Chen Peng-Hao, Sieber Joshua, Senanayake Chris H, Dong Guangbin
The University of Texas at Austin, Department of Chemistry, Austin, TX 78712, United States.
Department of Chemical Development, Boehringer Ingelheim Pharmaceuticals, Inc., 900 Ridgebury Road/P.O. Box 368, Ridgefield, Connecticut 06877-0368, United States.
Chem Sci. 2015 Oct 1;6(10):5440-5445. doi: 10.1039/C5SC01875G. Epub 2015 Jul 10.

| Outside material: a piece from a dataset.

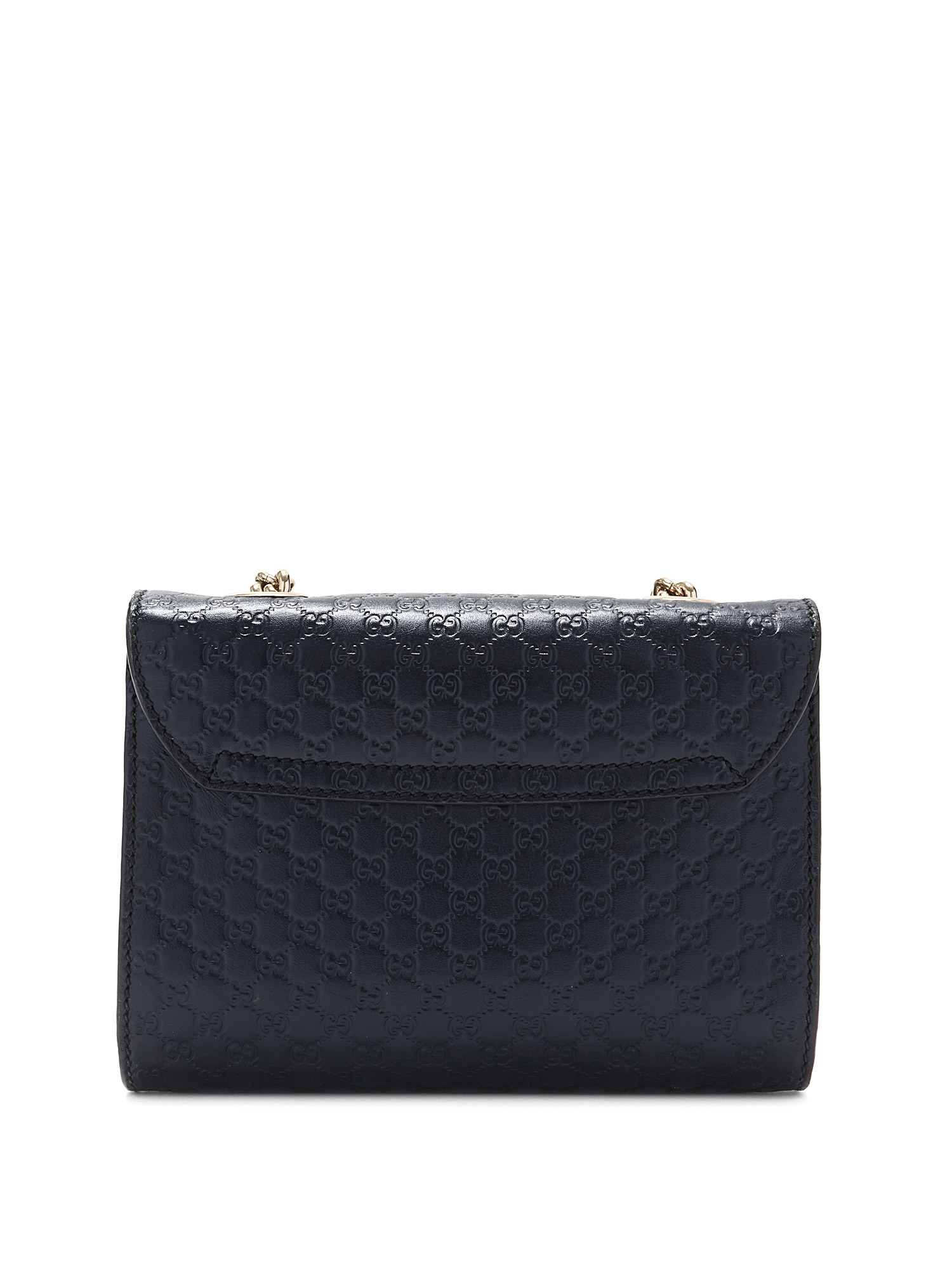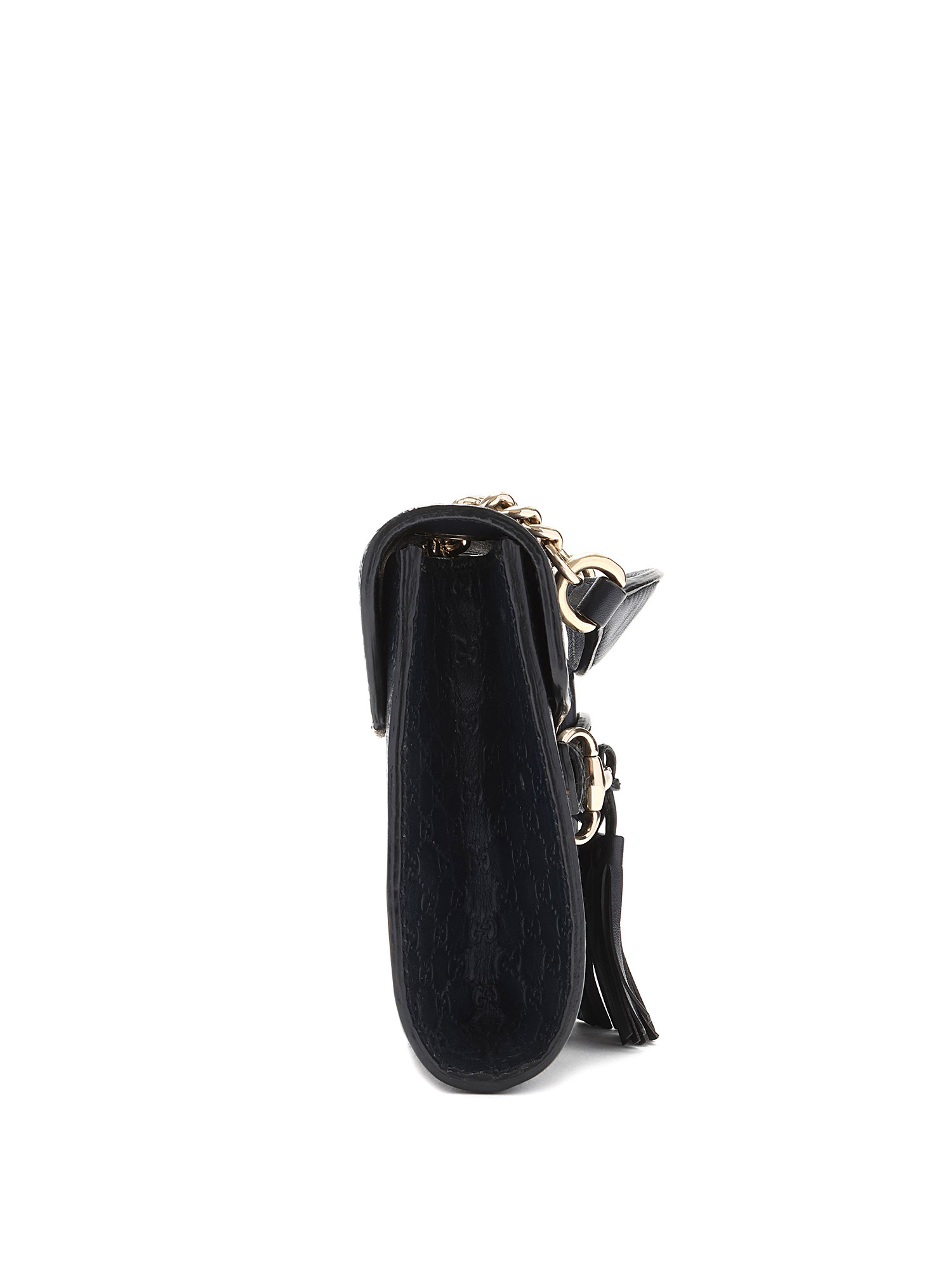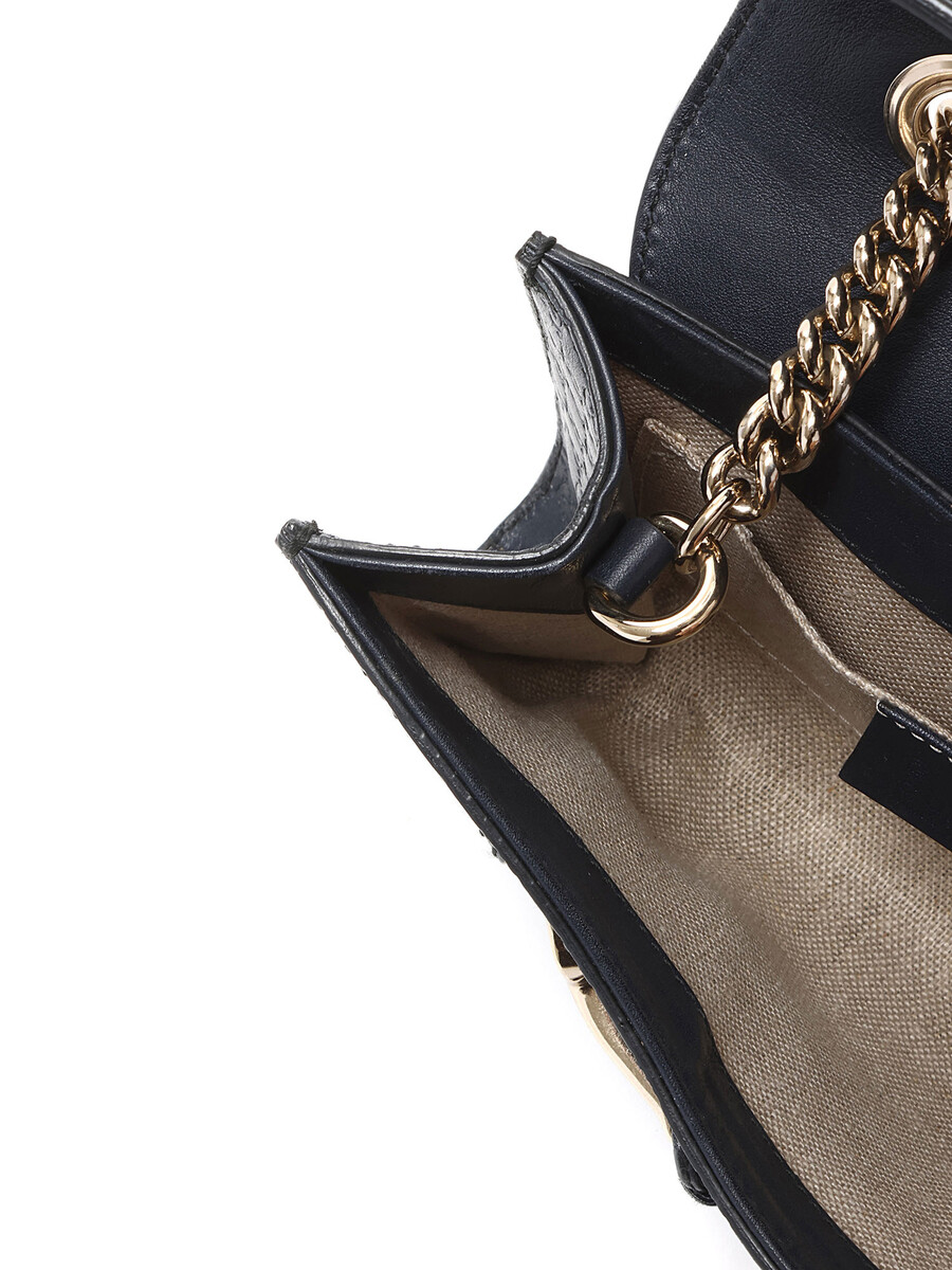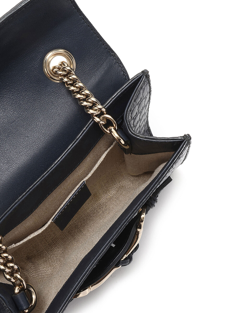 Mini Dionysus shoulder bag in interlocking G-patterned leather, navy blue. Flap closure with signature tiger head spur buckle. Silver tone chain shoulder strap with leather pad.

Here we report a reagent-free rhodium-catalyzed ring-expansion reaction via C-C cleavage of cyclobutenones. A variety of poly-substituted cyclopentenones and 1-indanones can be synthesized from simple cyclobutenones and benzocyclobutenones. The reaction condition is near pH neutral without additional oxidants or reductants. The potential for developing a dynamic kinetic asymmetric transformation of this reaction has also been demonstrated. Further study supports the proposed pathway involving Rh-insertion into the cyclobutenone C-C bond, followed by β-hydrogen elimination, olefin insertion and reductive elimination.
在此,我们报道了一种通过环丁烯酮的碳-碳键裂解实现的无试剂铑催化扩环反应。多种多取代环戊烯酮和1-茚酮可由简单的环丁烯酮和苯并环丁烯酮合成。反应条件接近中性pH,无需额外的氧化剂或还原剂。该反应动态动力学不对称转化的潜力也得到了证明。进一步的研究支持了所提出的反应途径,即铑插入环丁烯酮的碳-碳键,随后进行β-氢消除、烯烃插入和还原消除。